Four-edged drill

Abstract

The invention relates to a four-edged drill having two long main cutting edges, arranged in a point-symmetric manner with regard to the axis of rotation, which each extend from an outer circumferential cutting corner to a chisel edge in the middle of the drill tip, and two short main cutting edges, arranged in a point-symmetric manner with regard to the axis of rotation, which each extend from an outer circumferential cutting corner in the direction of the middle of the drill tip. According to the invention, each long main cutting edge has an outer partial cutting edge, extending from the cutting corner as far as a shoulder, and an inner partial cutting edge, extending from the shoulder as far as the chisel edge, said inner partial cutting edge having a greater cutting height (Δx) than the outer partial cutting edge and the short main cutting edges.

Claims

1. A four-edged drill, with two long main cutting edges arranged in a point symmetrical manner relative to an axis of rotation, which each extend from an outer circumferential cutting corner to a chisel edge in a middle of a drill tip, and two short main cutting edges arranged in a point symmetrical manner relative to the axis of rotation, which each extend from an outer circumferential cutting corner in the direction of the middle of the drill tip, each long main cutting edge having an outer partial cutting edge extending from the outer circumferential cutting corner up to a shoulder, and an inner partial cutting edge extending from the shoulder as far as the chisel edge, which have a greater cutting height than the outer partial cutting edge and the short main cutting edges.

2. The drill according to claim 1, wherein each outer partial cutting edge ends outside of a core of the drill.

3. The drill according to claim 1, wherein each short main cutting edge ends outside of a core of the drill.

4. The drill according to claim 1, wherein the short main cutting edges are longer than the outer partial cutting edges.

5. The drill according to claim 1, wherein a core diameter measures 0.4 to 0.6 times the nominal diameter of the drill.

6. The drill according to claim 1, wherein each inner partial cutting edge is corrected over its entire length by a point thinning section.

7. The drill according to claim 6, wherein each inner partial cutting edge runs at an obtuse angle to the outer partial cutting edge of the same main cutting edge.

8. The drill according to claim 1, wherein the chisel edge is point thinned.

9. The drill according to claim 1, wherein the outer partial cutting edges and the short main cutting edges have an identical rake angle.
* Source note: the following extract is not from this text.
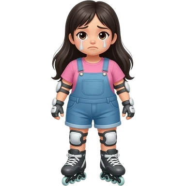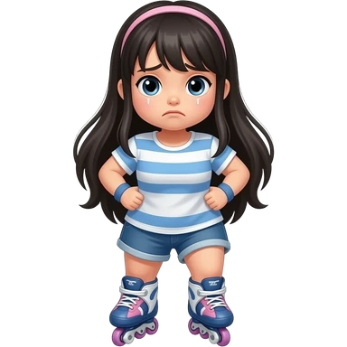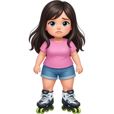 Sad Fat Asian girl on rollerblades with long hair emoji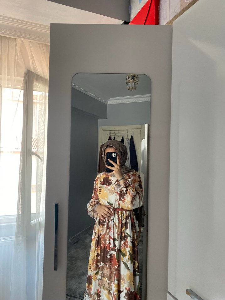 Yüksek yakalı, uzun kollu, bağlamalı ve bol kesim bohem tarzı uzun elbise. Sentetik kumaş ve camel tonlarında batik desenli, günlük kullanıma uygun.

10. The drill according to claim 1, wherein the outer partial cutting edges and the inner partial cutting edges have an identical rake angle.

11. The drill according to claim 1, wherein the outer partial cutting edges and the short main cutting edges have a defined cutting height difference.

12. The drill according to claim 11, wherein the short main cutting edges have a larger cutting height than the outer partial cutting edges.

13. The drill according to claim 1, wherein the short main cutting edges, the inner partial cutting edges and the outer partial cutting edges each run along a straight line.

14. The drill according to claim 1, wherein the main cutting edges each lie in front of a diametral plane of the drill as viewed in a rotational or cutting direction.

15. The drill according to claim 1, wherein the rake angle of the main cutting edges is greater than or equal to 0°.

16. The drill according to claim 1, wherein the shoulder is axially and/or radially relief ground.

17. The drill according to claim 1, wherein the drill comprises chip grooves that run along a straight line.

18. The drill according to claim 1, wherein the drill comprises an interior cooling lubricant supply system with outlet openings that lie in an area of free surfaces of the main cutting edges.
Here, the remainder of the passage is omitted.